Smiths Medical Issues Urgent Medical Device Notification Informing Customers of a Potential Issue With Certain Bivona Tracheostomy Tubes
Smiths Medical Issues Urgent Medical Device Notification Informing Customers of a Potential Issue With Certain Bivona Tracheostomy Tubes
For further inquiries, please contact Smiths Medical using the information provided below.MINNEAPOLIS, Aug. 19, 2024 /PRNewswire/ -- Smiths Medical issued an Urgent Medical Device Notification on May 29, 2024, to notify affected customers of a potential issue with certain Bivona Tracheostomy Tubes.

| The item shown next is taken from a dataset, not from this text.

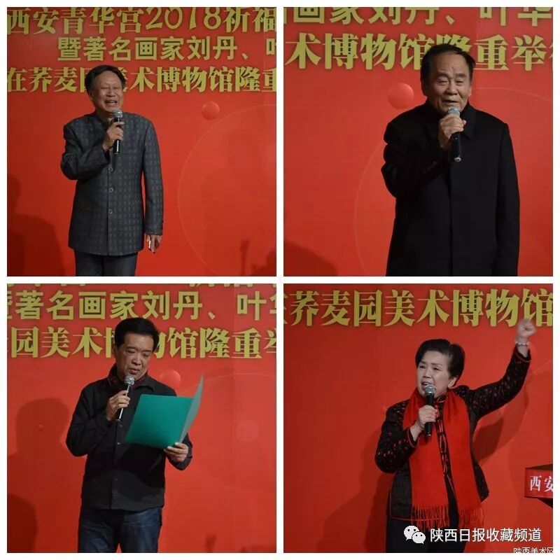 2018年2月10日下午17时,来自文艺界、书画界、收藏界、企商业界及社会各界的社会名流汇聚一堂,共同见证和出席了由西安青华宫主办,西安美院国画系、贾平凹艺术研究院、陕西名人书画院、西安荞麦园餐饮协办,西安荞麦园美术博物馆承办的“2018迎新春——青华宫祈福年会暨刘丹、叶华、陈斌三人中国画邀请展”在西安荞麦园美术博物馆举行的画展开幕式。著名画家江文湛,著名文化学者商子雍,西安美院教授刘永杰,著名诗人商子秦,陕西国画院院长范华,西安美院国画系党总支书记魏富乾,著名歌唱家冯健雪,著名朗诵艺术家海茵、包志坚,文化学者、著名书画家李少颇,西安荞麦园美术博物馆馆长薛莹巧,西安青华宫道长黄世真,陕西省道教协会副秘书长孙刚,太平寺主持宏证法师,画家武晓丽、陈联喜、张立及西安交大留学生、艺术爱好者、收藏家等200余人出席了画展开幕式。陕西广播电台主持人银河主持仪式。

史密斯医疗在2024年5月29日发布了一份紧急医疗器械通知书,以通知受影响的客户,某些Bivona气管切开管存在潜在问题。
All impacted customers and distributors were sent a letter outlining the risk and providing specific steps to determine whether their devices are affected or not and what steps to follow if they have affected product in service. A copy of that letter as well as a list of affected products can be accessed on ICU Medical's website here.
所有受影响的客户和经销商都会收到一封信,列出了风险,并提供了具体步骤来判断他们的器械是否受到影响,以及如果他们使用的产品受到影响应该遵循哪些步骤。信件的副本和受影响产品的清单可在icu医疗的网站上访问。
The customer notification sent on May 29, 2024, indicated that if the flange on the item is torn or broken, the tracheostomy tube may not stay in position in the trachea. This can lead to tracheostomy displacement or decannulation. Either event may result in an inability to properly ventilate or protect the airway and may contribute to a catastrophic adverse event.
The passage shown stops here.